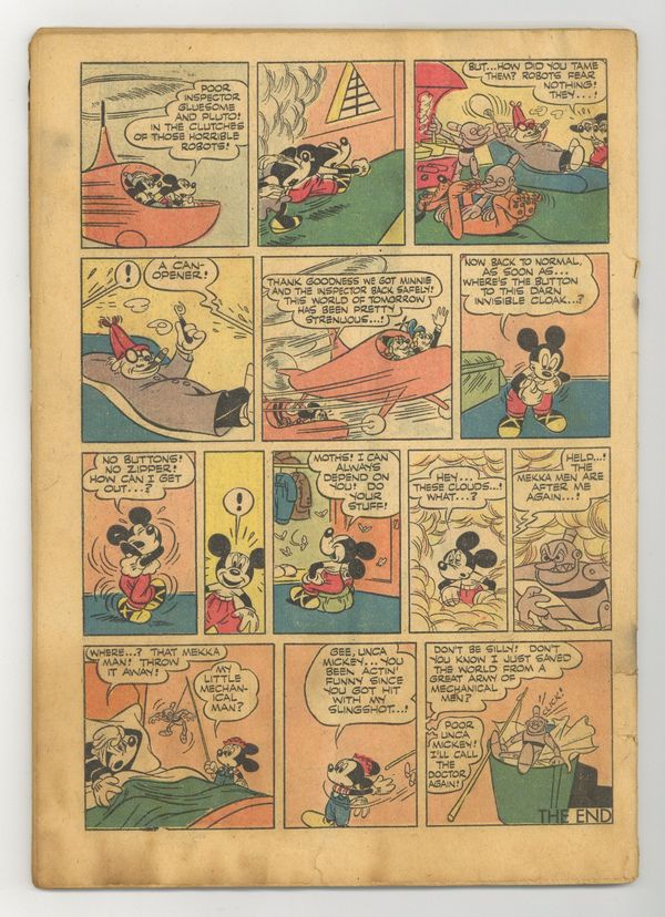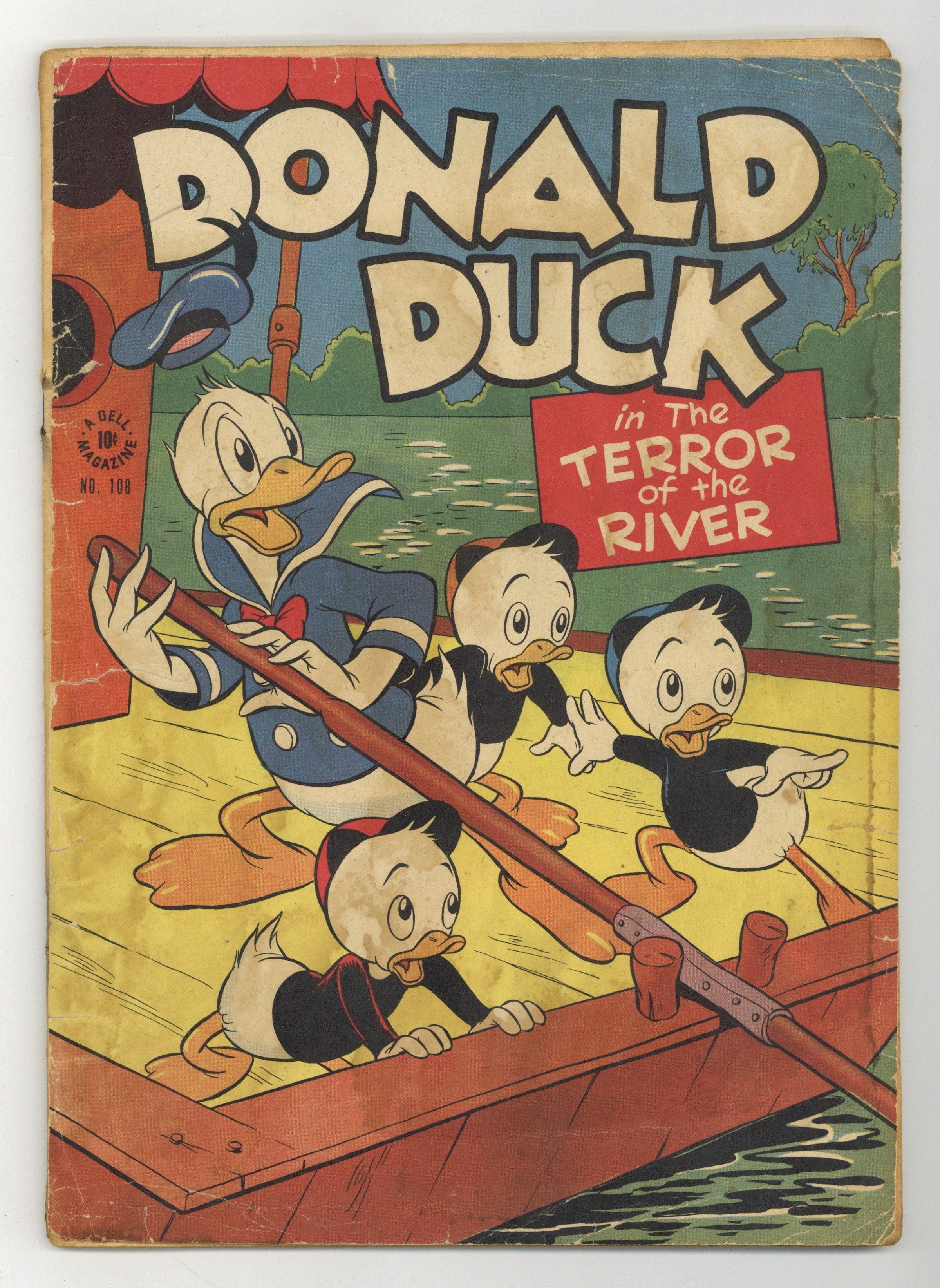 Indicia title is "DONALD DUCK in the Terror of the River, No. 108." Cover art by Carl Buettner. The Terror of the River!!, script and art by Carl Barks; Donald's sneezes at an auction are mistaken for bids on a houseboat and soon he and the nephews are sailing down the Ohio River; There they encounter a huge serpent. The Firebug, script by Carl Barks, art by Carl Barks; Carl Buettner (last two panels only); Donald falls on his head when getting up one morning and turns into a pyromaniac, setting harmless fires but also getting the blame for big fires set by another firebug. Seals Are So Smart, script and art by Carl Barks; The nephews play ball at the beach with a baby seal, and this sets Donald to dreaming of how much money he could make with a trained seal act. 52 pages, full color. Cover price $0.10. Grade: PR 0.5 explanation of grade Condition: Used (collectible)
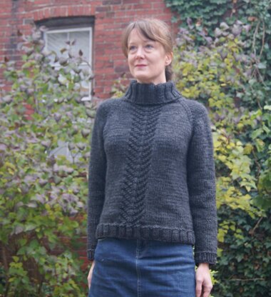Marram may be worn as a pullover with the buttons in the back or as a cardigan with the buttons in the front. It is knit seamlessly from the top down with raglan shaping, ribbed trims and a pretty knit and purl pattern down the center. The collar and buttonbands are picked up and worked in rib. Knit in lovely Puffin from Quince and Co., it works up very quickly.
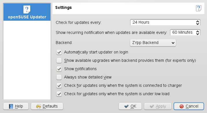 Standardmäßig wird openSUSE Updater bei der Anmeldung gestartet, prüft alle 24 Stunden auf Updates, zeigt alle 60 Minuten Benachrichtigungen an und überwacht lediglich die Verfügbarkeit von Patches. Um dieses Verhalten zu ändern, klicken Sie mit der rechten Maustaste auf das Applet-Symbol und wählen Sie die Option .
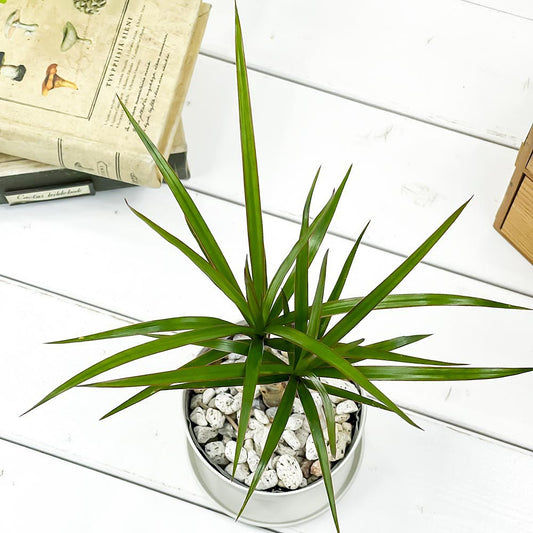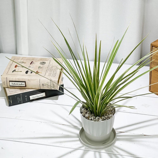 PLANCHU 観葉植物 ドラセナ マルギナータ ホワイトボリー 4号鉢 受け皿付き 育て方説明書付き Dracaena marginata ‘Whivory’ 真実の木 マジナータ コンシンネ コンシナ
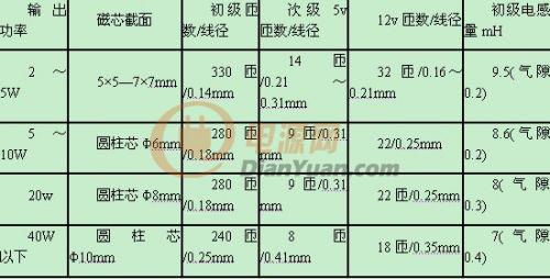 制作RCC型電源關(guān)鍵是脈沖變壓器T的繞制。無(wú)論何種開(kāi)關(guān)電源脈沖變壓器的計(jì)算是極繁瑣又極不準(zhǔn)確的,對(duì)業(yè)余制作者來(lái)說(shuō)通過(guò)估算,實(shí)驗(yàn)調(diào)整來(lái)確定比較實(shí)際。即使是估算也涉及磁芯材料,結(jié)構(gòu)的影響,限于目前市場(chǎng)產(chǎn)品參數(shù)的離散性,業(yè)余者也難以確定,此處只列出部分計(jì)算結(jié)果供參考。小功率開(kāi)關(guān)電源脈沖變壓器制作參數(shù)(繞組功能參考附圖)如附表所示。

» Instructions for the task:
Word for word, please reproduce each entry above and leave out every picture.

» Your solution:
 Indicia title is "DONALD DUCK in the Terror of the River, No. 108." Cover art by Carl Buettner. The Terror of the River!!, script and art by Carl Barks; Donald's sneezes at an auction are mistaken for bids on a houseboat and soon he and the nephews are sailing down the Ohio River; There they encounter a huge serpent. The Firebug, script by Carl Barks, art by Carl Barks; Carl Buettner (last two panels only); Donald falls on his head when getting up one morning and turns into a pyromaniac, setting harmless fires but also getting the blame for big fires set by another firebug. Seals Are So Smart, script and art by Carl Barks; The nephews play ball at the beach with a baby seal, and this sets Donald to dreaming of how much money he could make with a trained seal act. 52 pages, full color. Cover price $0.10. Grade: PR 0.5 explanation of grade Condition: Used (collectible)
Marram may be worn as a pullover with the buttons in the back or as a cardigan with the buttons in the front. It is knit seamlessly from the top down with raglan shaping, ribbed trims and a pretty knit and purl pattern down the center. The collar and buttonbands are picked up and worked in rib. Knit in lovely Puffin from Quince and Co., it works up very quickly.
 Standardmäßig wird openSUSE Updater bei der Anmeldung gestartet, prüft alle 24 Stunden auf Updates, zeigt alle 60 Minuten Benachrichtigungen an und überwacht lediglich die Verfügbarkeit von Patches. Um dieses Verhalten zu ändern, klicken Sie mit der rechten Maustaste auf das Applet-Symbol und wählen Sie die Option .
 PLANCHU 観葉植物 ドラセナ マルギナータ ホワイトボリー 4号鉢 受け皿付き 育て方説明書付き Dracaena marginata ‘Whivory’ 真実の木 マジナータ コンシンネ コンシナ
 制作RCC型電源關(guān)鍵是脈沖變壓器T的繞制。無(wú)論何種開(kāi)關(guān)電源脈沖變壓器的計(jì)算是極繁瑣又極不準(zhǔn)確的,對(duì)業(yè)余制作者來(lái)說(shuō)通過(guò)估算,實(shí)驗(yàn)調(diào)整來(lái)確定比較實(shí)際。即使是估算也涉及磁芯材料,結(jié)構(gòu)的影響,限于目前市場(chǎng)產(chǎn)品參數(shù)的離散性,業(yè)余者也難以確定,此處只列出部分計(jì)算結(jié)果供參考。小功率開(kāi)關(guān)電源脈沖變壓器制作參數(shù)(繞組功能參考附圖)如附表所示。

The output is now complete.